Token Rate Limit Exceeded

Data Juggler 181 Reputation points
2024-08-11T15:02:10.3266667+00:00

I wrote a quick demo program to test out Azure Chat Assistant.

In order to have rounds of conversations, such as writing a story where there are edits, the examples show you add each message to the conversation, so there can be understanding between prompts. This quickly adds to the size.

After 4 or 5 edits, I ran into a Token Limit Exceeded.
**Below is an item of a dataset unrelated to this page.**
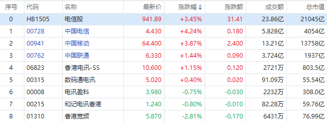 3月9日消息,三大运营商午后发力走强,中国电信涨4.24%报4.43港元每股,成交额5.828港元;中国移动涨3.87%,报64.4港元每股,中国联通由跌转升1.44%,香港电讯-SS涨超1%,电讯盈科微跌,香港宽频跌2.81%。

Sorry I didn't capture the exact message, but it was 3 AM so I just went to bed.

I also gave pretty detailed instructions to the assistant at startup for how the radio drama was supposed to be created. First an outline of the scenes was to be created and edited, and then once the story board is approved, then the dialog for each character and / or narrator and related image prompts and sound effects descriptions were included. Before we finished the Outline phase, I ran into the Token Limit exceeded with a link to request more. The first time it said wait 40 seconds and try again. I waited 5 minutes and then it still failed, and it said wait 50 seconds, I gave up.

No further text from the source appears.